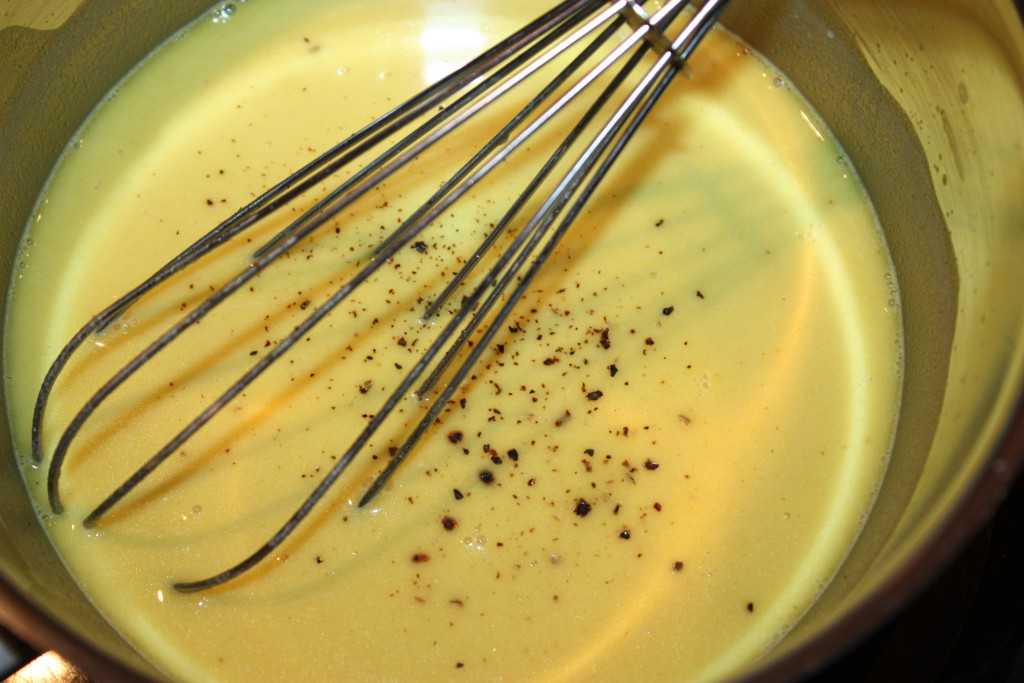 В сотейнике растапливаем масло, всыпаем муку и венчиком перемешиваем, пока содержимое не станет похоже на кашу. Затем, вливаем холодное молоко и постоянно перемешиваем венчиком. Соус должен загустеть до состояния густой сметаны, текстура гладкая. Всыпаем куркуму, соль и перец. Соус готов.
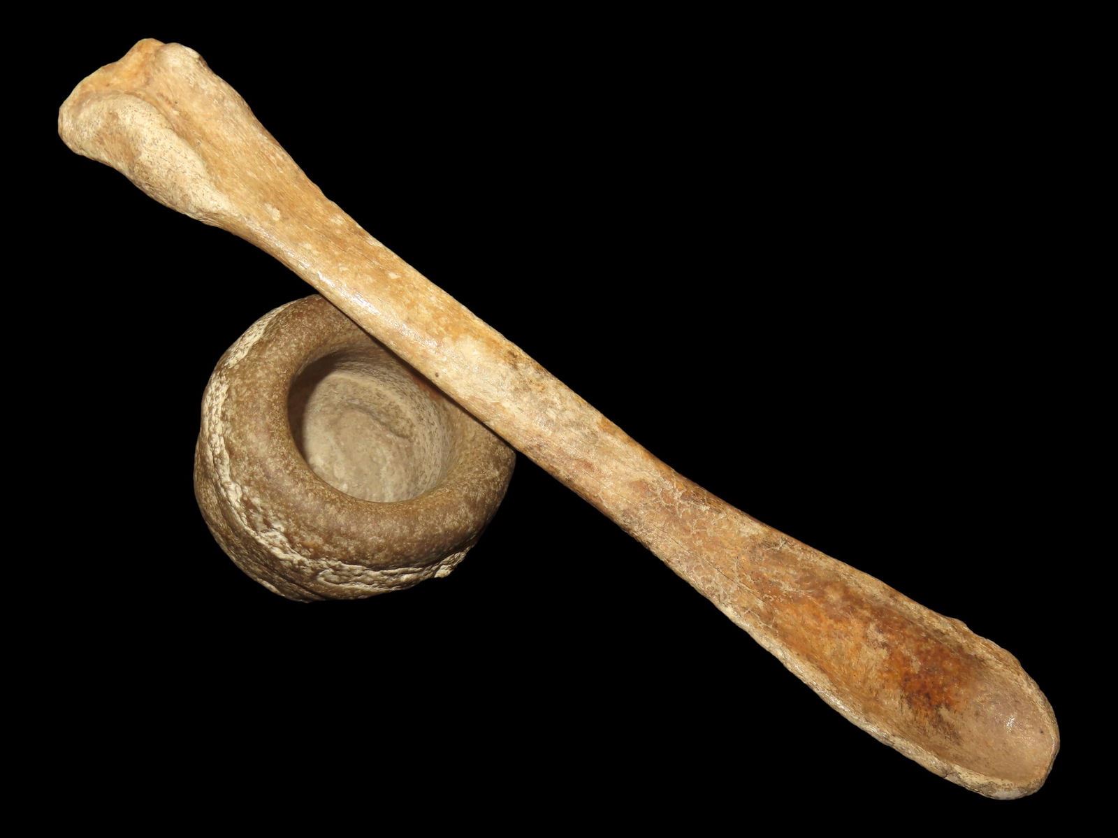 Authentic Stone Bowl with Bone Spoon found in a rock shelter in Lee county Iowa along the Des Moines
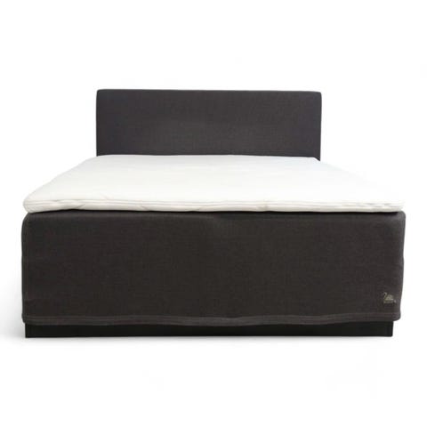 Selger en svaneseng medium fasthet og 120 cm bred. Den er brukt med overmadrass, men selges uten. Et par skrammer på hjørnene som har stått mot vegg. Se bilde. Ellers fin og hel.
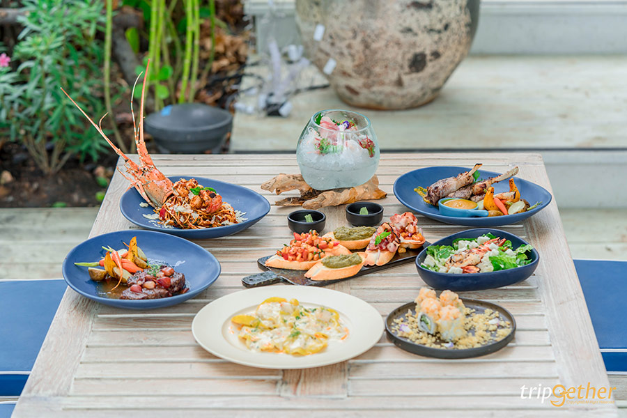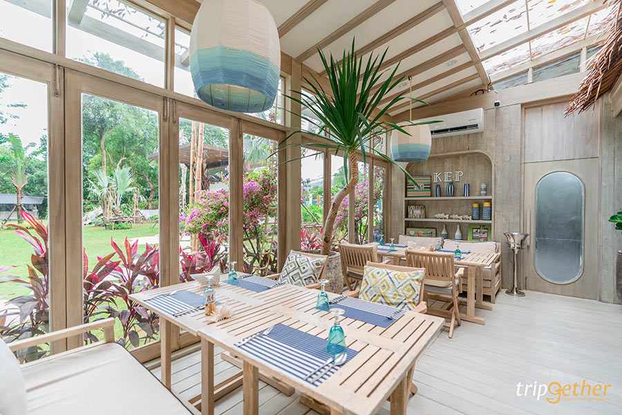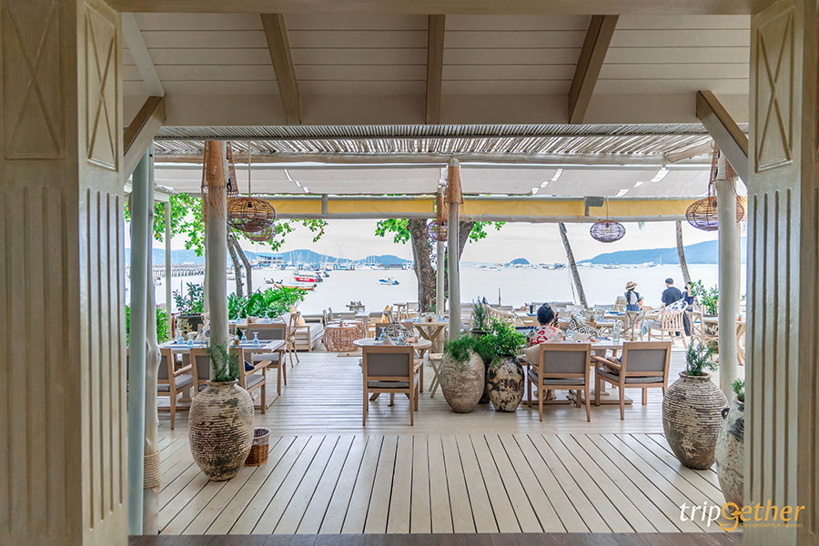 มาเริ่มด้วยร้านสวย บรรยากาศดีที่ KEP Phuket ตั้งอยู่ใกล้กับท่าเรืออ่าวฉลอง เพียงเดินเข้ามาในร้านก็สัมผัสได้ถึงความร่มรื่นและลมทะเลอ่อนๆ ส่วนการออกแบบมาในสไตล์บีชเฮ้าส์ เลือกใช้โทนสีฟ้าและสีขาวดูสบายตา กลมกลืนกับบรรยากาศของท้องทะเล สำหรับที่นั่งในร้านมีให้เลือกหลายที่เลย แต่ที่อยากแนะนำก็คือโซนเอาท์ดอร์ที่ติดกับทะเล ตรงนี้ลมเย็นสบายมาก แถมยังเห็นวิวทะเลแบบเต็มๆ ส่วนใครกลัวร้อนก็มีที่นั่งอินดอร์ห้องแอร์เย็นๆ ด้วยนะ ส่วนเมนูอาหารจะเน้นซีฟู้ด ที่คัดมาอย่างพิเศษและสดใหม่ ปรุงอย่างพิถีพิถัน ไม่ว่าจะเป็นเมนูเกี๊ยวเนื้อปู ล็อบสเตอร์ ทรีโอเนื้อปลา บอกเลยว่าอร่อยทุกเมนูจริงๆ ใครมองหาร้านอาหารภูเก็ตที่ครบทุกมู้ดต้องปักหมุดที่นี่แล้ว

— What you have to do —
Exactly repeat every line from the line that includes "Selger en svaneseng" to the end of the listing, and nothing else, leaving pictures out.

— Solution for this problem —
 Selger en svaneseng medium fasthet og 120 cm bred. Den er brukt med overmadrass, men selges uten. Et par skrammer på hjørnene som har stått mot vegg. Se bilde. Ellers fin og hel.
 มาเริ่มด้วยร้านสวย บรรยากาศดีที่ KEP Phuket ตั้งอยู่ใกล้กับท่าเรืออ่าวฉลอง เพียงเดินเข้ามาในร้านก็สัมผัสได้ถึงความร่มรื่นและลมทะเลอ่อนๆ ส่วนการออกแบบมาในสไตล์บีชเฮ้าส์ เลือกใช้โทนสีฟ้าและสีขาวดูสบายตา กลมกลืนกับบรรยากาศของท้องทะเล สำหรับที่นั่งในร้านมีให้เลือกหลายที่เลย แต่ที่อยากแนะนำก็คือโซนเอาท์ดอร์ที่ติดกับทะเล ตรงนี้ลมเย็นสบายมาก แถมยังเห็นวิวทะเลแบบเต็มๆ ส่วนใครกลัวร้อนก็มีที่นั่งอินดอร์ห้องแอร์เย็นๆ ด้วยนะ ส่วนเมนูอาหารจะเน้นซีฟู้ด ที่คัดมาอย่างพิเศษและสดใหม่ ปรุงอย่างพิถีพิถัน ไม่ว่าจะเป็นเมนูเกี๊ยวเนื้อปู ล็อบสเตอร์ ทรีโอเนื้อปลา บอกเลยว่าอร่อยทุกเมนูจริงๆ ใครมองหาร้านอาหารภูเก็ตที่ครบทุกมู้ดต้องปักหมุดที่นี่แล้ว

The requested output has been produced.